--- MATERIAL FOR THIS EXERCISE ---

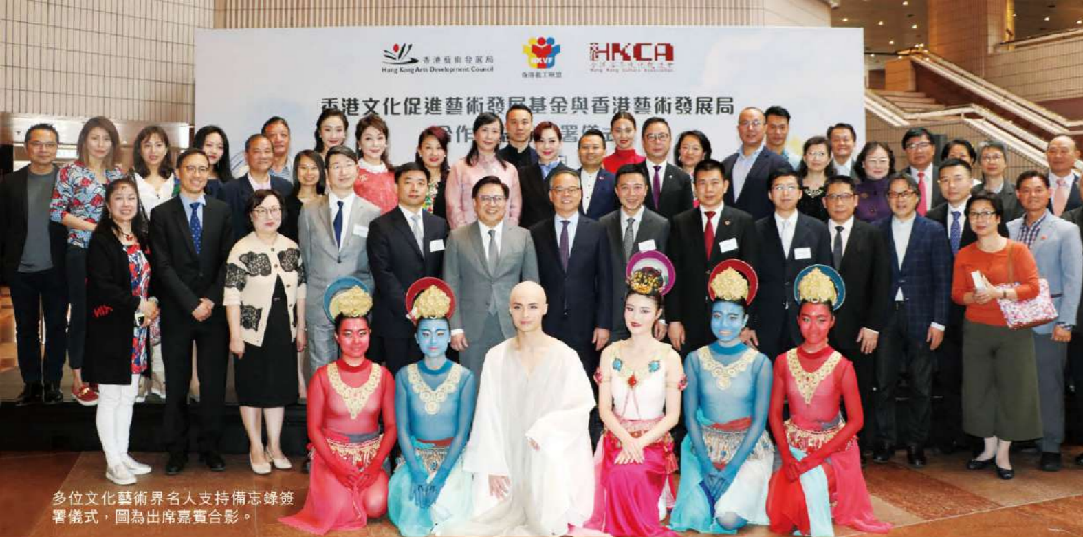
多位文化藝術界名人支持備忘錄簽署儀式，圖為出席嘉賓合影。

---
--- MATERIAL FOR THIS EXERCISE ---

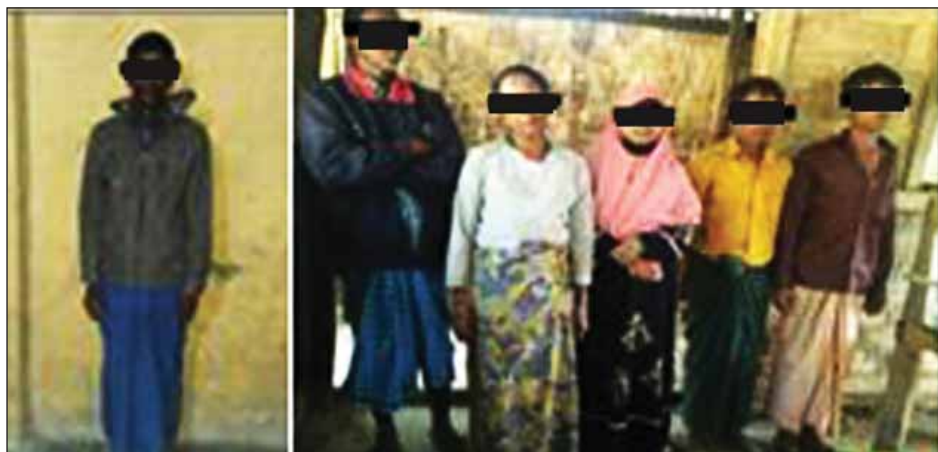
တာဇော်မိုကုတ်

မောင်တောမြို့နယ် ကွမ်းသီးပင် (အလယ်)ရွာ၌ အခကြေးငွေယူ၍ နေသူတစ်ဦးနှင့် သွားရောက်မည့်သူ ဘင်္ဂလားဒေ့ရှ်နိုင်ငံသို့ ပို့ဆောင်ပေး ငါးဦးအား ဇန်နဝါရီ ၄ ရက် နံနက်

---

Find the line with "တာဇော်မိုကုတ်" in the material above. Reproduce it and each line after it up to and including the line with "မောင်တောမြို့နယ် ကွမ်းသီးပင် (အလယ်)ရွာ၌".

တာဇော်မိုကုတ်

မောင်တောမြို့နယ် ကွမ်းသီးပင် (အလယ်)ရွာ၌ အခကြေးငွေယူ၍ နေသူတစ်ဦးနှင့် သွားရောက်မည့်သူ ဘင်္ဂလားဒေ့ရှ်နိုင်ငံသို့ ပို့ဆောင်ပေး ငါးဦးအား ဇန်နဝါရီ ၄ ရက် နံနက်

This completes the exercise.